We had another lovely day seeking out interesting churches in the city of London.

Starting from Bishopsgate, we took in two historic churches, although they couldn’t be more different inside.

St Botolph’s

St Botolph’s without Bishopsgate, to give it its full title, is a church blessed with links to various livery companies – there’s a fascinating explanation of how livery companies came about on the St Botolph’s website (do you know where the phrase ‘sent to Coventry’ originates, for example?) It’s a beautiful 18th century building, and despite being badly damaged in a 1993 IRA bombing you would hardly know it.

 

St Helen’s Bishopsgate

Just down the road is St Helen’s Bishopsgate, which has the honour of being the largest surviving parish church in the City of London. Set back from the main road, the exterior is promisingly old. But inside, various remodellings have taken place since Victorian times.  More recently it has been pretty much gutted (after the aforementioned IRA bombing, despite the church having survived both the Fire of London and the Blitz). Now the interior is one of those ‘bright, large, flexible open-spaces’. As Wikipedia helpfully tells us, “the principles of this restoration sought to arrange the building once again around the preaching of the Word and strip it down of the ritualistic elements added in Victorian times, following the needs of the large Evangelical congregation.” Ritualistic elements? I certainly noticed there was not one single crucifix in the entire place. I’m not a church-goer myself but I’m saddened when I see this happening, and slightly spooked. It reminded me of the Church of Scientology we once stumbled into on Queen Victoria Street. It looked and felt like a place of worship and yet … and yet… Luckily St Helen’s still retains its memorials on the walls, and a disused font.

Next, an interlude: up to the top of the Fenchurch Building (aka the ‘Walkie Talkie’) to see the Sky Garden, which bills itself as ‘London’s highest public garden’. Rather having with people, but some good views.

A nice direct view of the Gherkin (30 St Mary Axe), still one of my favourite towers on the London skyline. Here’s an interesting comparison – a photo I took ten years ago from the Gherkin looking towards this very direction… but when it stood alone and none of these other buildings existed!

 

Doesn’t the Tower of London look tiny?
London Bridge with (centre) the spire of St Magnus the Martyr and the gold-topped Monument

Temple Church

One of the most interesting city churches is the Temple Church right in the heart of London’s legal quarter south of Fleet Street. It was built by the Knights Templar in the 12th century – seriously! I can’t summarise its amazing history but it’s all here if you’re interested.
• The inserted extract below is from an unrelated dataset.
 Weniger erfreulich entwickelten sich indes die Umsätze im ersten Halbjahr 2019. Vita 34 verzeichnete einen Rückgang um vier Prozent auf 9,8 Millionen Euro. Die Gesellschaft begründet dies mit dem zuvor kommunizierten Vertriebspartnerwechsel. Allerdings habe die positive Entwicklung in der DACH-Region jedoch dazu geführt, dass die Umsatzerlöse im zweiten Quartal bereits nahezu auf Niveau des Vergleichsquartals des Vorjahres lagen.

Of course, not all London’s city churches are endowed or glamorous. Many are tucked away, some are closed pending restoration, some are a bit crumbly, some have been converted to ‘multipurpose spaces’ while others are kept going by small dedicated teams.

St Peter’s Cornhill

We stopped by to see St Peter’s Baroque and somewhat gloomy interior. It’s possible the organ never gets played now, but there’s still some nice stained glass. The church is in the parish of St Helen’s Bishopsgate, which may explain the furniture and piles of equipment about the place. We visited St Peter’s before and I blogged about it here.

St Bartholomew-the-Less

On to St Bartholomew-the-Less. We did try to find this before, when we visited the fantastic St Bartholomew-the-Great, but clearly we didn’t look hard enough, as it’s pretty much next door. I didn’t make any notes about this church, but pleasant enough!

Holy Sepulchre

Up towards Holborn Viaduct is what’s known as the Musician’s Church, or Holy Sepulchre. Its vast interior has a good acoustic, and there’s a dedicated Musician’s Chapel which features the grave of Sir Henry Wood, founder of the Proms.
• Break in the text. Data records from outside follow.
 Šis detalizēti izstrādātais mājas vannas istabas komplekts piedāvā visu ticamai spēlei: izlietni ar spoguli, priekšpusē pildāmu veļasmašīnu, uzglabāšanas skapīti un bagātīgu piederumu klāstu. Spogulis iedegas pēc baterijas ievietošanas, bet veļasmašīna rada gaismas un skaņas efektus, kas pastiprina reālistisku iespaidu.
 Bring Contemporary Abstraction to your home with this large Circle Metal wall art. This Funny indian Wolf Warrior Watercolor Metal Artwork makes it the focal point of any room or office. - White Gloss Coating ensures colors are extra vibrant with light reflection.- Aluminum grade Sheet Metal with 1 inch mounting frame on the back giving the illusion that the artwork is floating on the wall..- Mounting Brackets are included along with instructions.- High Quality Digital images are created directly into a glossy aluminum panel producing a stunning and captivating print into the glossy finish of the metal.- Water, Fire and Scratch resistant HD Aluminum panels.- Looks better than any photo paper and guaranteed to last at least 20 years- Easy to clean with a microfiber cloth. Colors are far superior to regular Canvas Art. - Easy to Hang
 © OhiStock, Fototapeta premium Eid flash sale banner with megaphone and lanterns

Nick and I have performed here together; I was in the choir and he was playing organ continuo. I think it was a Mozart Requiem. I remember leaving at the end to fetch the car and drive it onto the pavement outside so we could load the organ for the journey home. We were back long before the choir, whose coach driver got lost trying to get out of the city and I think they travelled via Watford or somewhere. Slight digression there, sorry!

St Andrew’s Holborn

Up the road from Holy Sepulchre on a busy junction is the oasis of calm that is St Andrew’s. Another church claiming its history back nearly a thousand years, although the present day church is 17th century, one of Wren’s many wonderful designs. There’s a very touching memorial to Sir Thomas Coram who created the Foundling Hospital in the 18th century.

 

St Etheldreda’s

If you cross the road from St Andrew’s into Ely Place you come across St Etheldreda’s. Now this has an extraordinary history. It was the chapel of the Bishops of Ely, and originally stood within the extensive gardens of the Bishop’s Palace in London. Apparently it is the oldest Catholic church in England and one of only two remaining buildings in London from the reign of Edward I (king from 1272 to 1307). The entrance board tells us it was ‘restored to the old faith’ in 1874 which suggests it hasn’t been continuously Catholic.

Inside you feel like you’re in another century, although there is a fine (modern) stained glass West window, and the crypt has the feel of a conference centre.

A fine organist friend of ours, Iestyn Evans, was the organist here for a while, but he’s now the Director of Music and organist at St Botolph without Bishopsgate. Which very neatly brings this blog post around full circle.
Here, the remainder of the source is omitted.